L’horreur des sous-sols de la Présidence

Le point le plus sombre de son témoignage concerne ses conditions de détention. Sylvia Bongo affirme avoir été conduite dans les sous-sols du palais, dans une pièce où était inscrit : « La mort est un réflexe ».

Elle décrit des scènes de torture psychologique et physique visant à lui extorquer des signatures et des accès bancaires :

Elle affirme avoir été forcée de regarder son fils Nouredine se faire battre à coups de barre de fer et étrangler devant elle. « Ils l’ont tapé, ils l’ont étranglé… j’ai vu, c’était mon bébé qui était là », confie-t-elle avec émotion. Les autorités lui auraient signifié que son fils ne survivrait pas une semaine si elle ne fournissait pas ses relevés d’identité bancaire (RIB).

Elle mentionne avoir été elle-même attachée et aspergée d’eau froide pour la contraindre à signer des documents dont elle ignore aujourd’hui le contenu exact.

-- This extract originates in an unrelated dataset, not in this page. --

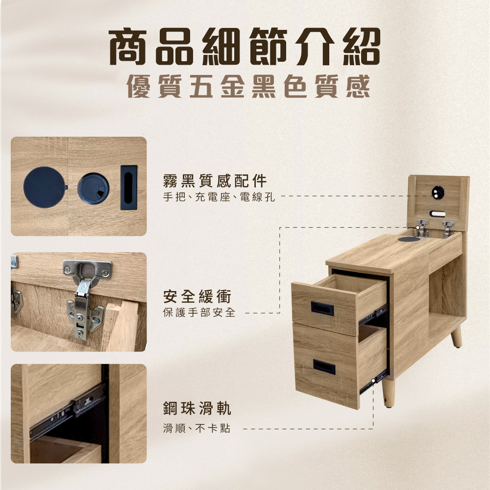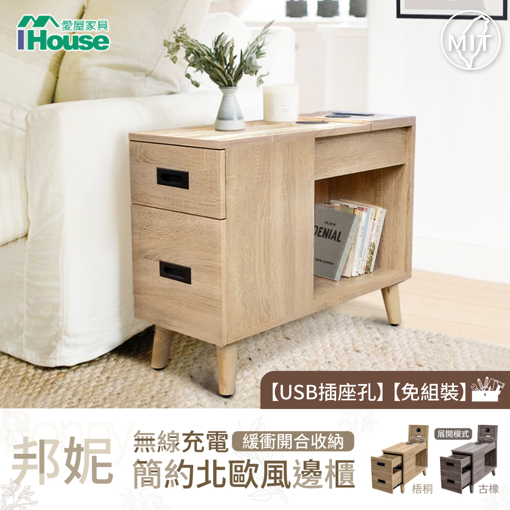 IHouse-北歐風邦妮 MIT免組裝 無線充電沙發邊櫃A款(古橡-左開口)|B款(梧桐-左開口)|C款(古橡-右開口)|D款(梧桐-右開口)WardrobesIHouse 愛屋家具【免組裝家具/木心板家具/工廠直營】

« Je ne comprends rien à la politique gabonaise »

Face aux accusations du nouveau régime qui la dépeint comme la véritable régente du Gabon après l’AVC de son mari en 2018, Sylvia Bongo se défend fermement. Elle rejette l’image de la « Raspoutine » du palais : « En 14 ans, j’ai dû aller trois fois au bureau de mon mari. Je ne comprends rien à la politique ».

Concernant les détournements de fonds publics s’élevant à des milliards de francs CFA, elle met au défi le pouvoir actuel de fournir des preuves tangibles devant les juridictions internationales, où elle a d’ores et déjà porté plainte.

Un exil sans retour

Libérée en mai 2025 grâce à la médiation du président angolais João Lourenço, Sylvia Bongo vit désormais en exil (vraisemblablement entre Londres et l’Angola). Sa conclusion est sans appel : elle ne remettra plus jamais les pieds au Gabon. « J’ai eu trop mal. Je retournerai plus au Gabon. » Si elle dit s’en remettre à la justice divine pour le général Oligui Nguema, elle demande que justice soit faite pour les violences subies par son fils.